So viel Drama, so wenig Ertrag. Die SCL Tigers haben in 48 Stunden gegen die Titanen ZSC Lions (3:4) und SC Bern (2:4) verloren. Sie haben alles probiert. Mit taktischer Klugheit, Zähigkeit und Leidenschaft fehlendes Talent kompensiert. Aber am Ende stehen sie nach zwei intensiven Partien mit leeren Händen da. Sie hätten nur mit grossen Torhütern punkten können. Weder Ivars Punnenovs (gegen die ZSC Lions mit einer Fangquote von 83,33 %) noch Damiano Ciaccio (mit 85,00 % in Bern) waren gut genug, um für ihre Mannschaft den Sieg zu «stehlen». Die SCL Tigers gewinnen gegen einen Titanen nur, wenn sie höchstens drei Treffer kassieren.

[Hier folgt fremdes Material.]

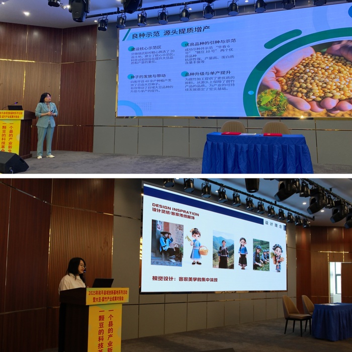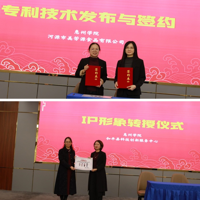 在成果发布环节,我校科学技术部副部长李冰雁对县域创新基地团队工作作了三大总结:第一,“把论文写在大豆田里,让产量‘立’起来”:通过“品种改良+智能生产+非遗IP”系统创新,和平县腐竹产业标准化生产率从20%提升至80%,出口单价增长40%,年销售额突破8000万元。该模式已入选省“百千万工程”专班简报,成为全省县域产业创新示范案例。第二,“把专利烙在腐竹机上,让产业‘强’起来”:涵盖“低温缓凝揭皮”“复合酶解减损”等核心工艺的5项国家发明专利,现场与河源市美芳源食品有限公司完成“零门槛”转化签约,真正实现“知产”变“资产”,助力高校成为企业身边的“研发部”。第三,“把IP种在消费者心里,让品牌‘响’起来”:由我校师生原创设计的区域公共品牌IP形象——“和平腐竹娘”正式发布。其系列LOGO、包装与表情包同步亮相,为传统腐竹注入年轻化魅力。团队下一步将启动“腐竹娘乡村小课堂”,推动品牌故事走进校园播下产业未来的种子。
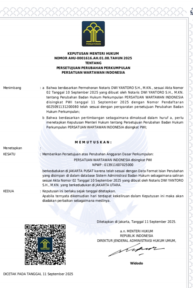 JAKARTA, LIPO - Organisasi Persatuan Wartawan Indonesia (PWI) resmi kembali terdaftar di Kementerian Hukum (Kemenkum) RI dengan Nomor AHU-0001616.AH.01.08. Tahun 2025.
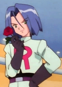 In battle during the Kanto and Orange Islands seasons, James favors Pokémon who provide enough cover and distraction for him or his team to get away or for attacks to be more damaging. Indeed, most of his choices, even though he works for the "bad guys," look more like heroic choices...as if he can't quite bring himself to be as dastardly as Team Rocket would have him be. Also, his Pokémon's first evolutions generally seem deceptively less powerful, until they evolve the second time! (Thinking primarily of Magikarp and Gyarados here, though Koffing and Weepinbell sort of fall into this category, too.) Note that James also collects more Pokémon than Jessie even in the first two seasons of the show, and all his Pokémon evolve under his care; he is actually quite nurturing and gentle, which is pleasantly surprising in a male character.
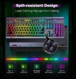 - 【IP32 Spill Resistance】Our quiet gaming keyboard is IP32 spill-resistant, featuring 4 drainage holes in the wrist rest to prevent accidents and keep your game uninterrupted. Cleaning is made easy with the removable key cover.
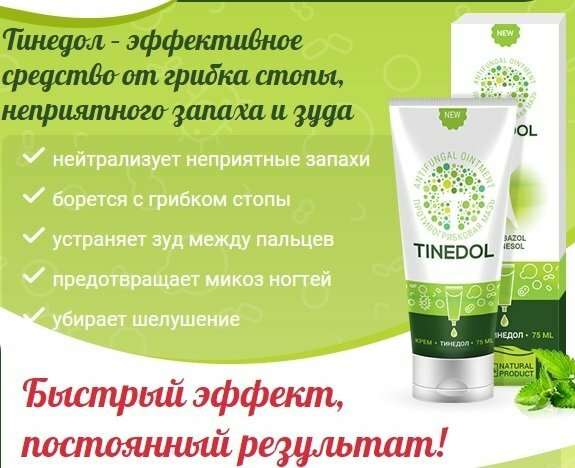 Цена: 249UAH шт. Купить. Крем Тинедол против грибка на ногах способен решать различные задачи, все чаще встречающееся в современном мире. Крем Тинедол (Tinedol) против грибка на ногах эффективное и моментальное лечение. Грибковые поражения кожи ног нередкое явление, аналоги. Онлайн-запись на прием к врачу. Тинедол крем от грибка.
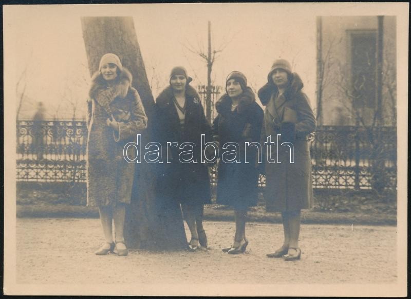 1930. március 6. Kinszki Imre (1901-1945) budapesti fotóművész hagyatékából jelzés nélküli, de a szerző által datált, vintage fotó (Barátnők, ez a szerző által számozott 449. felvétele), 6,2x8,5 cm
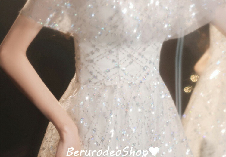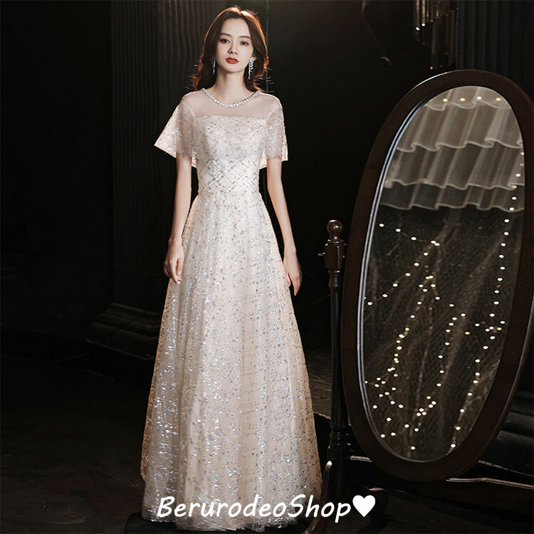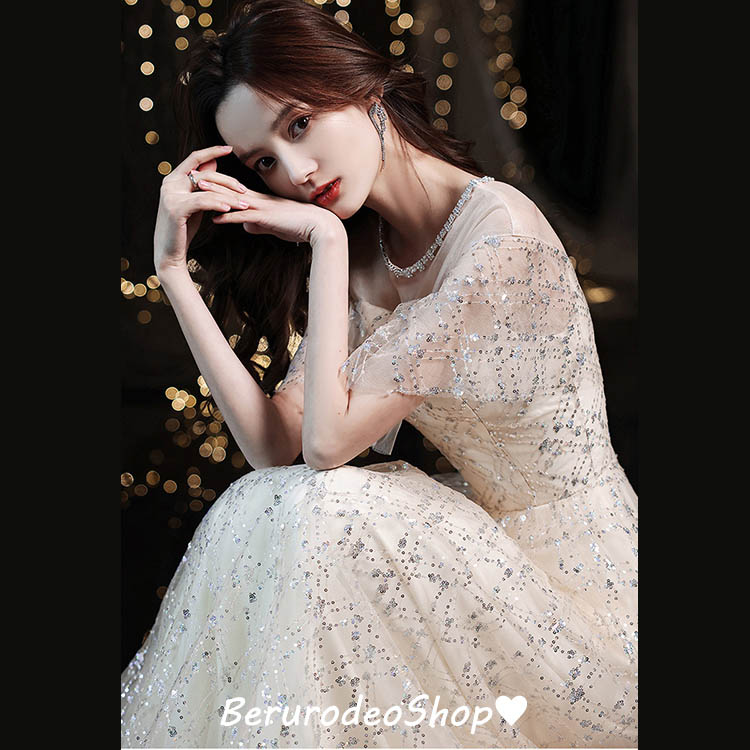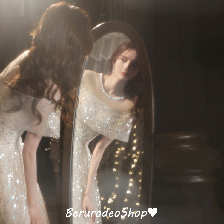 イブニングドレス キラキラドレス スパンコール ラインストーン キレイめ 発表会ドレス ロングドレス パーティードレス シャンパン色 結婚式ドレス 二次会ドレス お呼ばれ
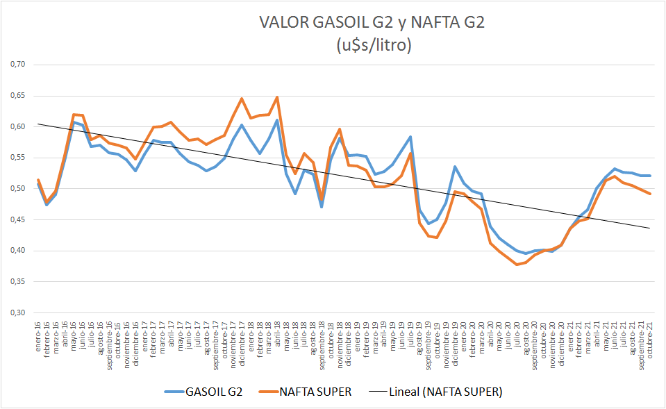 | En u$s/litro | NAFTA GRADO 2 | GASOIL GRADO 2 |
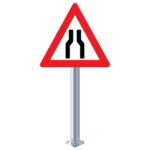 İki Taraftan Daralan Kaplama Levhası, yolun ilerisinde daimi veya arıza nedeniyle kaplamanın her iki taraftan daralmış olduğunu bildirir.
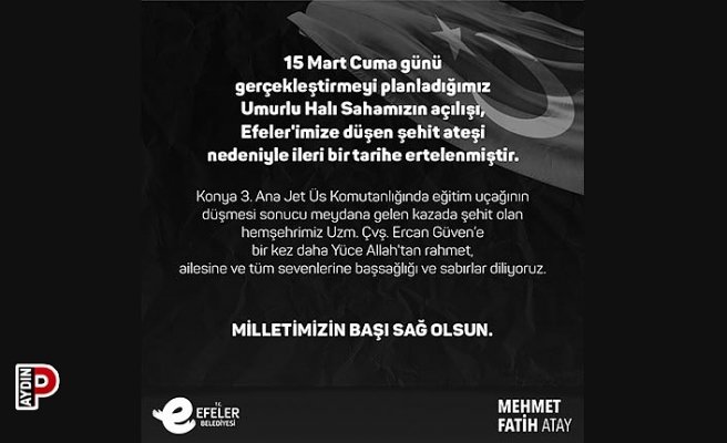 Başkan Atay şahsi sosyal medya hesaplarından yaptığı açıklamada açılışın ileri bir tarihe alındığını belirterek, “15 Mart Cuma günü gerçekleştirmeyi planladığımız Umurlu Halı Sahamızın açılışı, Efeler’imize düşen şehit ateşi nedeniyle ileri bir tarihe ertelenmiştir. Konya 3. Ana Jet Üs Komutanlığında eğitim uçağının düşmesi sonucu meydana gelen kazada şehit olan hemşehrimiz Uzm. Çvş. Ercan Güven’e bir kez daha Yüce Allah’tan rahmet, ailesine ve tüm sevenlerine başsağlığı ve sabırlar diliyoruz. Milletimizin başı sağ olsun.” ifadelerini kullandı.
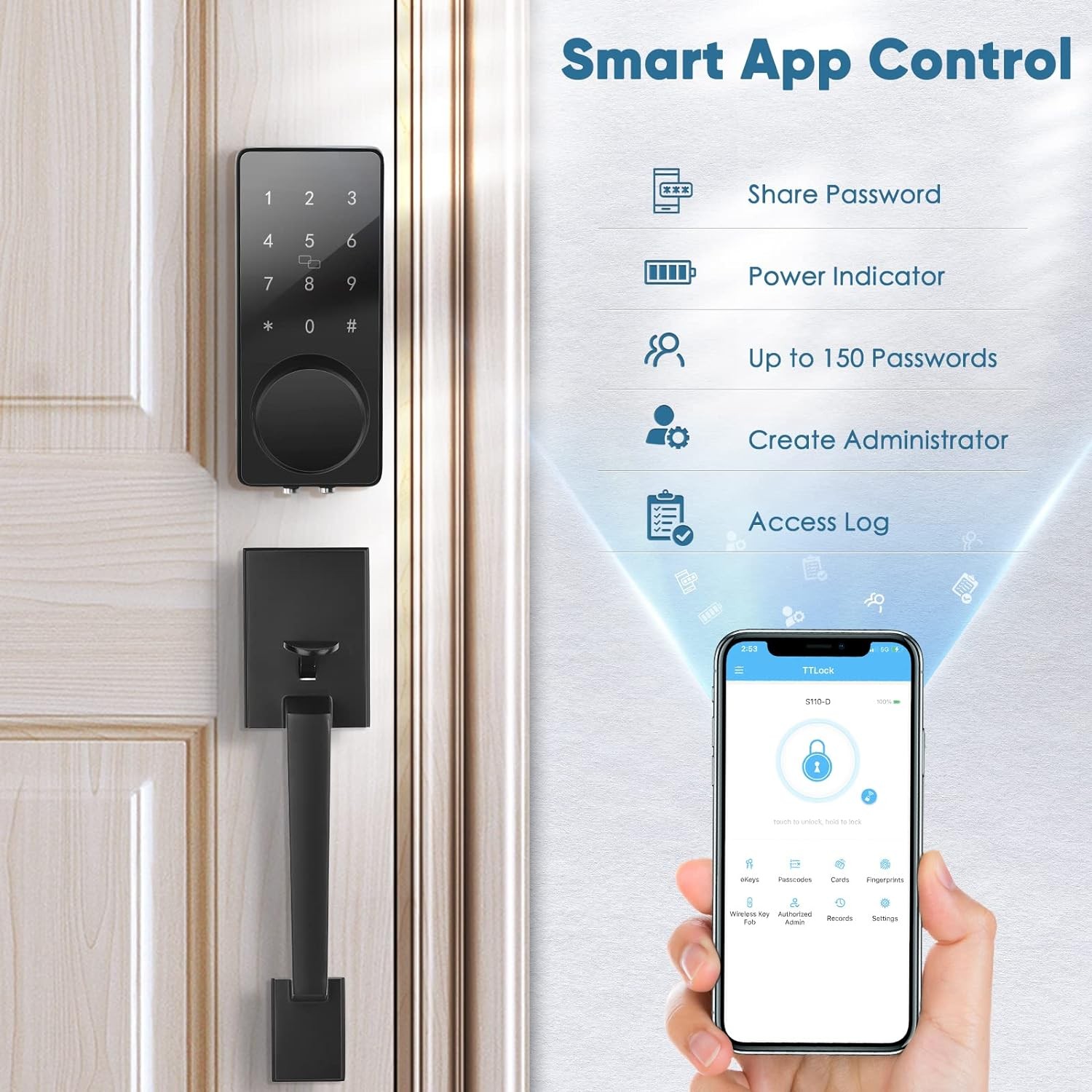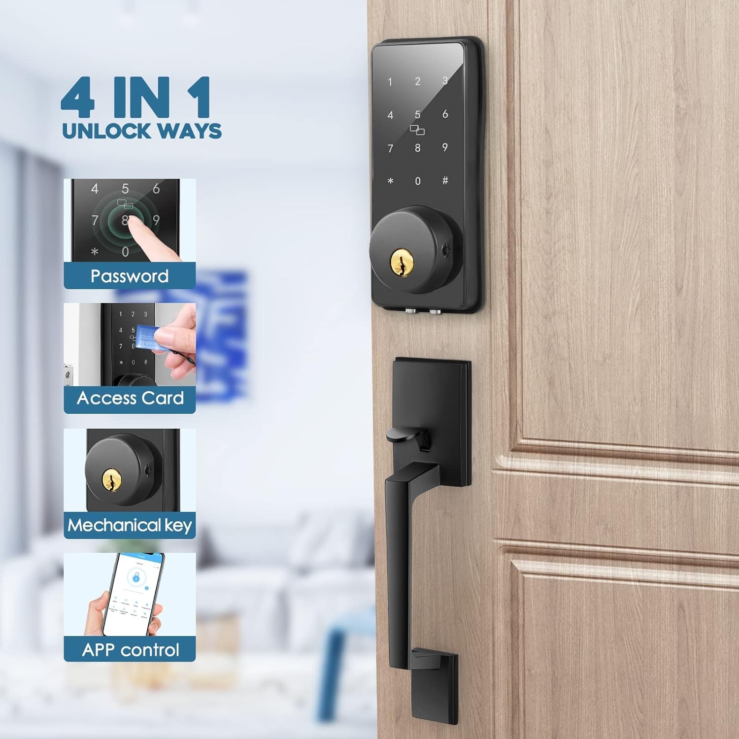 4 in 1 Smart Front Door Lock Set, Keyless Entry Door Lock with Handle, Touchscreen Keypad Deadbolt, Works with App, Auto-Lock, Code Door Lock, Easy Installation
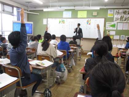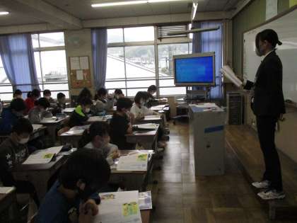 今日は,実習生と一緒に道徳の学習をしました。
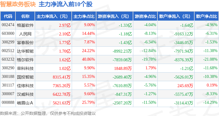 从资金流向上来看,当日智慧政务板块主力资金净流出11.99亿元,游资资金净流出4.96亿元,散户资金净流入16.95亿元。智慧政务板块个股资金流向见下表:
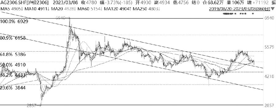 2022年4月底,高硫燃料油期货上冲5700元/吨上市以来的高点受阻后,开始大幅回落,直至跌至黄金分割0.382对应的2672元/吨支撑位才逐步止跌企稳。之后,高硫燃料油期货振荡上行,向黄金分割0.5对应的3200元/吨挺进。 均线方面,均线系统呈现多头排列,显示价格走势呈现强势的状态。指标方面,MACD指标金叉后持续发散,没有明显的黏合迹象,但是出现了顶背离的迹象;KDJ指标、RSI指标均高位黏合,给出看空信号。量仓方面,近期的上涨出现了一定的量仓下降,上涨动能有所减弱。 综上,高硫燃料油反弹至压力位附近,指标走弱,量仓下降,短期向上突破3200元/吨压力的难度较大,价格或回调。操作上,前期多单适量止盈,空仓投资者可背靠3200元/吨轻仓试空。 白银 放量下跌
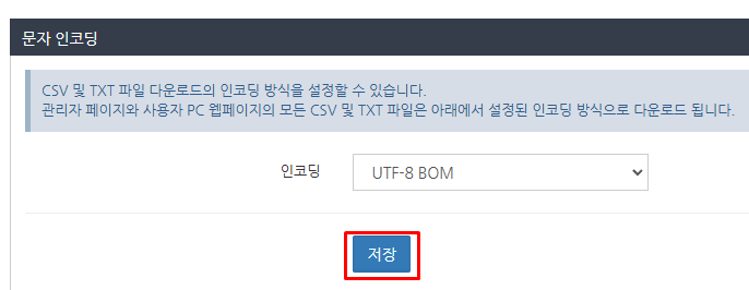 다운로드 시 적용되는 문자 코드 설정의 범위
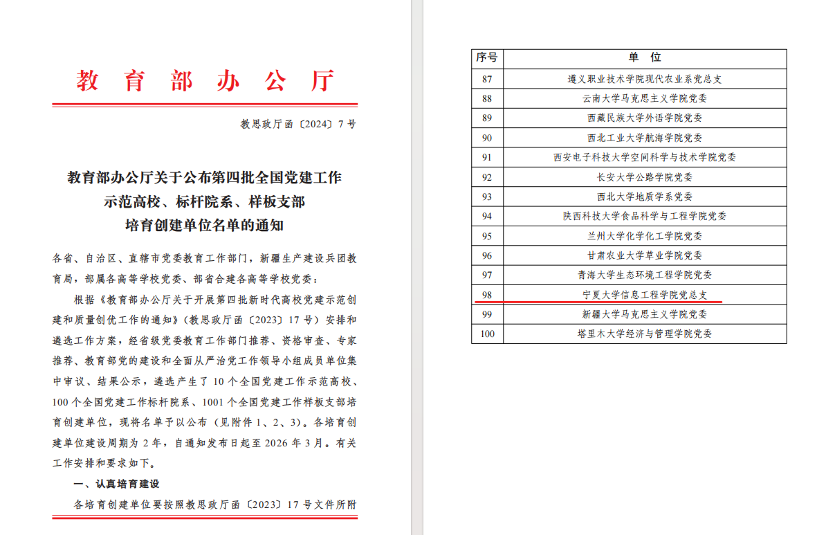 【beat365唯一官方网站新闻中心讯 信息工程学院】近日,教育部公布了第四批新时代高校党建示范创建和质量创优工作遴选结果,我院荣膺“全国党建工作标杆院系”培育创建单位,建设周期为2年,标志着学院在党建工作方面取得了新的突破,实现了beat365官网党建示范创建工作从“0”到“1”的历史性跨越。
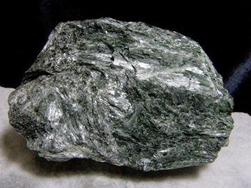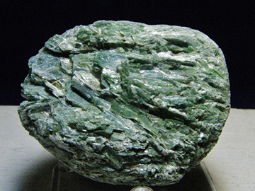 アクチノライト(透緑閃石)とネフライトは同じ鉱物。極微の結晶が集合して岩塊状になったものがネフライト。長崎県産。202g,約80x58x43mm

Aussenseiter wie Langnau beschäftigen sich intensiv mit der Analyse, warum es nicht ganz gereicht hat. Die Titanen wie Bern können es sich leisten, auch über den Tag hinaus zu denken. In Bern hat Sportchef Alex Chatelain nächste Woche, nach der Rückkehr vom Champions-Hockey-League-Spiel in Prag, ein erstes Gespräch mit Leitwolf Martin Plüss. Wird er mit seinem Captain verlängern?
Chatelain lässt keine Zweifel, dass er bereit ist, die Zusammenarbeit mit dem besten SCB-Spieler der letzten neun Jahre zu prolongieren. «Aber das hängt ja auch davon ab, was Martin Plüss will. Wir werden die Sache nächste Woche besprechen.» Ja, der SCB-Sportchef sagt sogar, im Falle eines Falles würde er auch abklären, ob es für Plüss innerhalb des Unternehmens SCB einen Job nach dem Rücktritt gebe.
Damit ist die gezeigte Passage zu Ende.